Edição 148
Alvo certo de investimentos no início dos anos 90, os imóveis chegam ao século XXI atravancando o balanço de alguns fundos de pensão brasileiros. De um lado, a legislação exige a redução da exposição a esse ativo; de outro, a rentabilidade dessa aplicação passa, na maioria dos casos, ao largo da meta atuarial dos fundos. Resultado: sobram vendedores, ainda mais se considerando que a ponta compradora não tem encontrado estímulos diante do pífio crescimento da economia real nos últimos anos.
O Aerus, fundo multipatrocinado por empresas do setor aéreo, manterá, a princípio, apenas três imóveis dos 13 de sua carteira. Sete deles já estão à venda e outros três podem ser vendidos ou alugados, num total de R$ 127 milhões.
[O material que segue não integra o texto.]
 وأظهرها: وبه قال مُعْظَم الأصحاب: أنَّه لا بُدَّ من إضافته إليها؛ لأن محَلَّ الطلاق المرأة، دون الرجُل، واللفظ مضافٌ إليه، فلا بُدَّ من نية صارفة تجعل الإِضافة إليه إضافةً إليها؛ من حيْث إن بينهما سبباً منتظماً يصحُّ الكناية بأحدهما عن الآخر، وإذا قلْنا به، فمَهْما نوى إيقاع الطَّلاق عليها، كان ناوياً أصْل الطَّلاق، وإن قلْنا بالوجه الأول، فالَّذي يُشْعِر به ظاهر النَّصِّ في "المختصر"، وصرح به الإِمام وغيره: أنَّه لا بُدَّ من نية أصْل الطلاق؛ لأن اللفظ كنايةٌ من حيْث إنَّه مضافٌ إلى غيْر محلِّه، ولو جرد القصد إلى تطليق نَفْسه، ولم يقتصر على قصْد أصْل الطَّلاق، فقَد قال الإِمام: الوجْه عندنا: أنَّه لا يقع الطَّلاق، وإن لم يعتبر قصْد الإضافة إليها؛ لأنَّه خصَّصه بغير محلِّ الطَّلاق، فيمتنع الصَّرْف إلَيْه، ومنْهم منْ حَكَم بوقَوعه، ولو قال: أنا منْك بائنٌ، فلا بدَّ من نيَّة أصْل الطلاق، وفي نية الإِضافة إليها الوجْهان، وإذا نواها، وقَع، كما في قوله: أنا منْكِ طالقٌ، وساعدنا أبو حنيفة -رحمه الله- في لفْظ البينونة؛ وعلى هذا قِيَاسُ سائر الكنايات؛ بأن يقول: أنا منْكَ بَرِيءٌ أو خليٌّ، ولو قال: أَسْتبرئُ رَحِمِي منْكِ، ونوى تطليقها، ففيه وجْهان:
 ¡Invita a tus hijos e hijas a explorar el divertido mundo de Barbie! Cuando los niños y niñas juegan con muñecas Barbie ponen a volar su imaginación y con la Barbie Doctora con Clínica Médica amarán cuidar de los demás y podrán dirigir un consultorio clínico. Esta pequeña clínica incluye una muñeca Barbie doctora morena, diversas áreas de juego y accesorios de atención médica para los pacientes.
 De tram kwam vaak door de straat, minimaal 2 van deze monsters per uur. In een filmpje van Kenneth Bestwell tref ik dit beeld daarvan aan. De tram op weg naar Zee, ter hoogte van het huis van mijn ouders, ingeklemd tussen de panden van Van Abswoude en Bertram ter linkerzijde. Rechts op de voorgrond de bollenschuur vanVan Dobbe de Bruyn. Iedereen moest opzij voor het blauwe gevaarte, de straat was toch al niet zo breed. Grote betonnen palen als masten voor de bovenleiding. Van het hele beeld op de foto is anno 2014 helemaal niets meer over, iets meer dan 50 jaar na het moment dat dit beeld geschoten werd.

A decisão apóia-se na Resolução 3.121 do Conselho Monetário Nacional (CMN), de 2003, que estipula aos fundos chegarem ao final do ano que vem com até 14% do seu patrimônio investido em imóveis, com até 11% em 2008, e no máximo 8% a partir de 2009. Hoje, o Aerus aloca no setor R$ 194,8 milhões (16,4% do patrimônio), mas tem a receber R$ 35 milhões de vendas de imóveis, o que reduzirá a exposição para 13,45% em até cinco anos – quando está previsto o pagamento da última parcela da dívida de R$ 35 milhões.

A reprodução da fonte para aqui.